* What you need to do
Every line of the listing must be reproduced as it stands. Leave the images behind.

* Data block
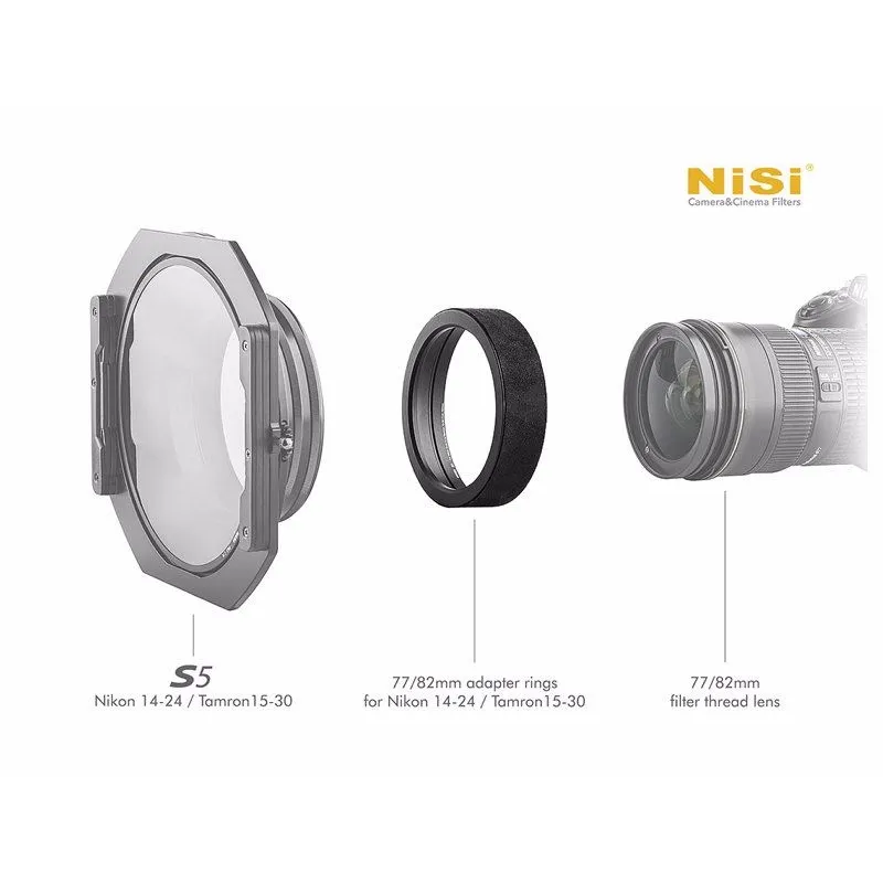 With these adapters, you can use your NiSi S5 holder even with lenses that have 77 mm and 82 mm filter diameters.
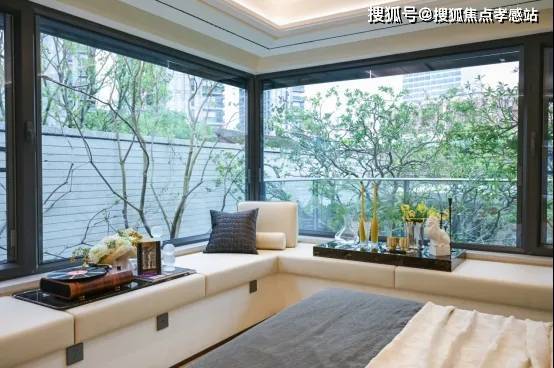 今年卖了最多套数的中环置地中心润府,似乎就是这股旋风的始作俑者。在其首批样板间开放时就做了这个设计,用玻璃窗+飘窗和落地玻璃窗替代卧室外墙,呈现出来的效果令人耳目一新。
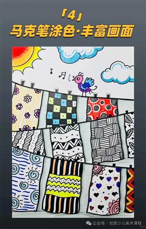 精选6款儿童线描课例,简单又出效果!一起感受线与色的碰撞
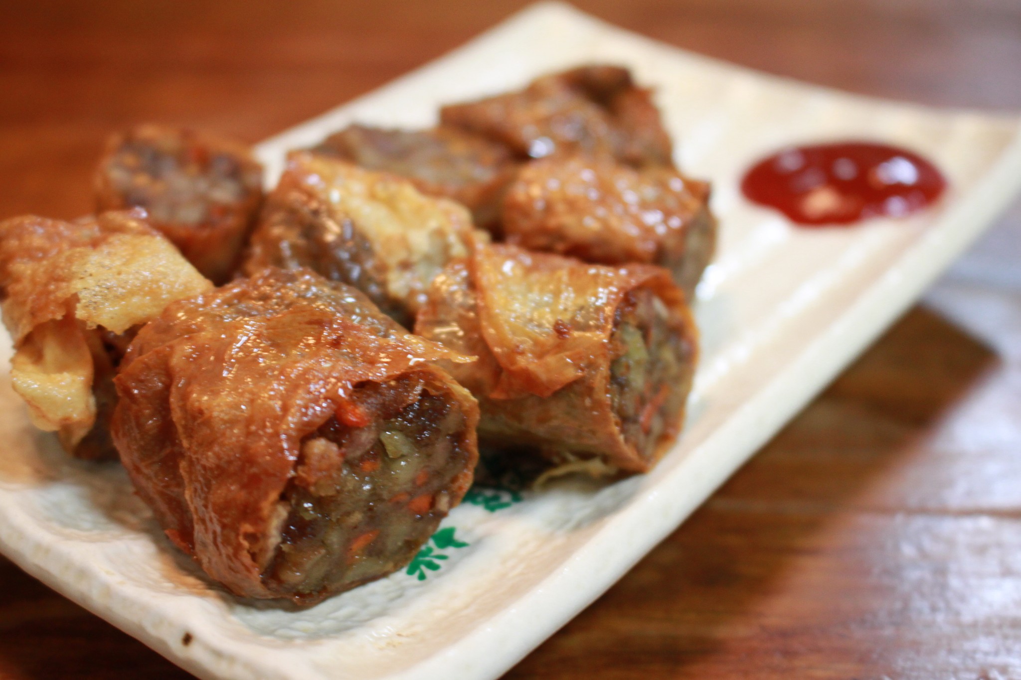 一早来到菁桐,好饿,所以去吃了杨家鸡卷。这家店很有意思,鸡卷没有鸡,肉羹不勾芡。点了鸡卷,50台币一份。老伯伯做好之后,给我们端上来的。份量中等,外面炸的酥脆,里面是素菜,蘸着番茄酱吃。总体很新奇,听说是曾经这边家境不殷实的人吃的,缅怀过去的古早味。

* Task output
 With these adapters, you can use your NiSi S5 holder even with lenses that have 77 mm and 82 mm filter diameters.
 今年卖了最多套数的中环置地中心润府,似乎就是这股旋风的始作俑者。在其首批样板间开放时就做了这个设计,用玻璃窗+飘窗和落地玻璃窗替代卧室外墙,呈现出来的效果令人耳目一新。
 精选6款儿童线描课例,简单又出效果!一起感受线与色的碰撞
 一早来到菁桐,好饿,所以去吃了杨家鸡卷。这家店很有意思,鸡卷没有鸡,肉羹不勾芡。点了鸡卷,50台币一份。老伯伯做好之后,给我们端上来的。份量中等,外面炸的酥脆,里面是素菜,蘸着番茄酱吃。总体很新奇,听说是曾经这边家境不殷实的人吃的,缅怀过去的古早味。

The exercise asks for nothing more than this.